3.1 Test principles
3.1.1 These tests are intended to evaluate the
fire-suppression capabilities of nozzles used for the
protection of cabin balconies against external fires in
furniture and furnishings of other than restricted fire
risk. The primary objective of the test is to evaluate the
ability of the system to prevent a fire on a cabin balcony
from spreading to the adjacent cabin and to other balconies.

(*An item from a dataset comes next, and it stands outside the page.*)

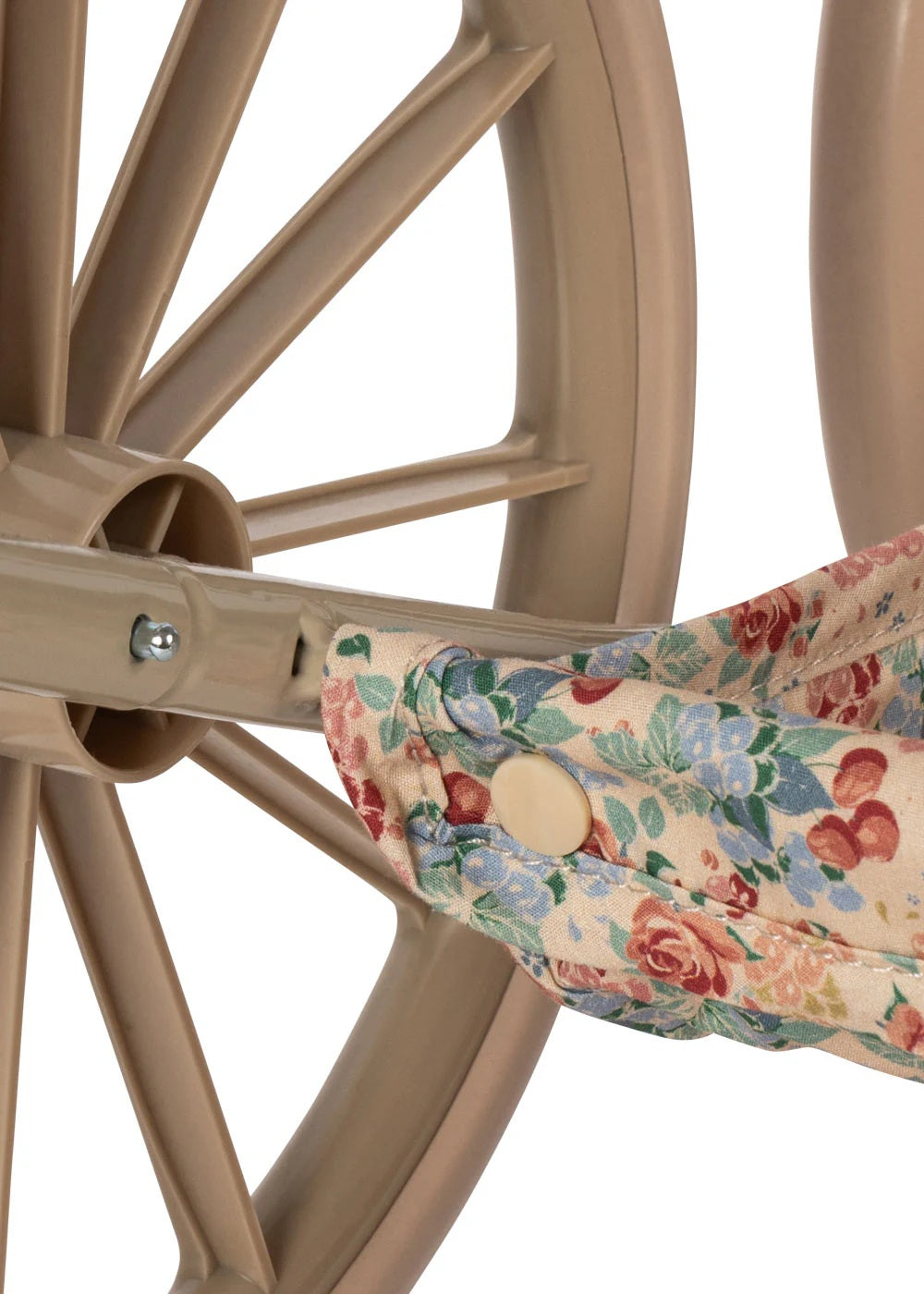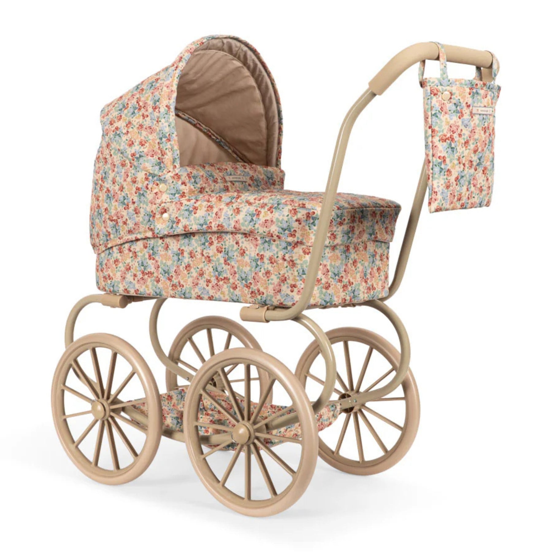 Dukkuvognur í vintage-stíli við fýra stórum hjólum, sum ger hann lættan og stabilan hjá smábørnum at ganga við. Vognurin er sniðgivin við kviltaðum fóðri, hevur eina mjúka madrassu og ein fóðraða vørukurv. Stellið er úr metalli og hevur mjúk handtøk.

3.1.2 The tests also define the following design and
installation criteria:
- the maximum coverage (length and width) of a single
nozzle; and
- the minimum operating pressure.
3.2 Test description
3.2.1 Fire test compartment
3.2.1.1 These tests are intended to evaluate the nozzle’s
fire-suppression capabilities against external fires on open
cabin balconies. The tests may be conducted inside a well
ventilated test hall having a specified area of at least 100
m2, a specified height of at least 5 m and adequate natural
or forced ventilation to ensure that there is no restriction
in air supply to the test fires. The fire test hall should
have an ambient temperature of 20 ± 5°C at the start of each
test.
3.2.2 Apparatus
3.2.2.1 The fire tests should be conducted in a test
apparatus consisting of a balcony mock-up in accordance with
figure 1. The balcony ceiling should be smooth to allow an
unobstructed flow of gases.
3.2.2.2 The mock-up should be constructed of nominally 12 mm
thick non-combustible wallboard panels. Plywood panels
should be attached to the wall below the ventilation channel
opening, and on the back wall, covering at least 2 m
horizontally, starting from the fan side corner. The panels
should be 2 m high and 3 to 4 mm thick. The ignition time of
the panel should not be more than 35 s and the flame spread
time at 350 mm position should not be more than 100 s as
measured in accordance with the FTP Code. Prior to the test,
the plywood panels should be conditioned at 21 ± 2.8º C and
50 ± 10% relative humidity for at least 72 h.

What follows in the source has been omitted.